23. The method of claim 19, wherein the allocating the priority level to the unit thesaurus comprises performing a density-based clustering process using the examination results obtained from the patients for the examination item group, calculating a distance between a center of a cluster obtained by the density-based clustering process and a center of a normal examination result range; and allocating a priority level to the unit thesaurus such that the larger the distance, the higher the priority level.

24. The method of claim 19, wherein the thesaurus for the first disease comprises an actions unit thesaurus and a subjects unit thesaurus.

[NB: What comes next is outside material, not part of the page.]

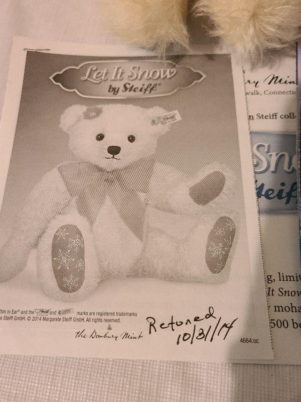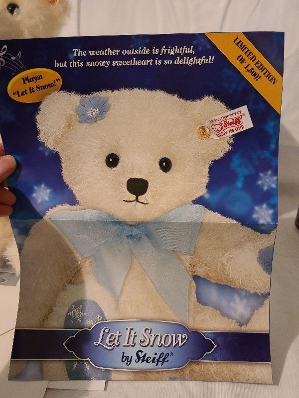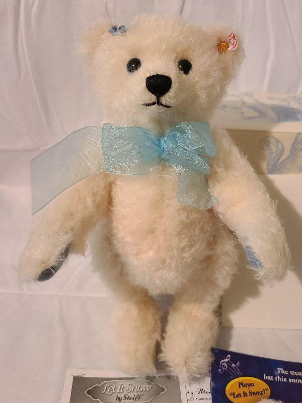 Very Collectible Bear retails over $200. Musical plays Let is Snow. Fully Jointed. Please see all pictures for contents of the lot, size and condition. Thank you for looking and have fun bidding
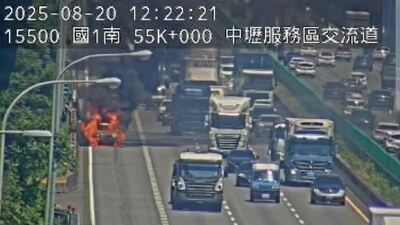 國1南下54.3公里桃園路段,今天(20日)中午12時許發生火燒車事故,一輛停在路肩的自小客車起火燃燒,黑煙直竄天際,這起事故造成後方車流嚴重回堵,目前起火原因和傷亡情況不明,警消人員已前往現場搶救中。

25. An apparatus for creating a thesaurus for a first disease using medical statistics data, which comprises examination results obtained from patients of the first disease for respective examination items, the apparatus comprising:

a network interface accessing the medical statistics data;

one or more processors;

a memory loading a computer program executed by the processors; and

a non-transitory machine readable storage storing the thesaurus for the first disease;

the computer program comprising: an operation of establishing a unit thesaurus having a tree structure for an examination item group, which comprising a plurality of examination items from the medical statistics data; an operation of allocating a priority level, which indicates an influence of the examination item group on the incidence of the first disease, to the unit thesaurus; and wherein the operation of establishing the unit thesaurus comprises an operation of determining an identifier of the examination item group as a root node, an operation of determining the examination items of the examination item group as first child nodes, which are the child nodes of the root node, and an operation of determining examination results for the examination items of the examination item group as second child nodes, which are the child nodes of corresponding first child nodes.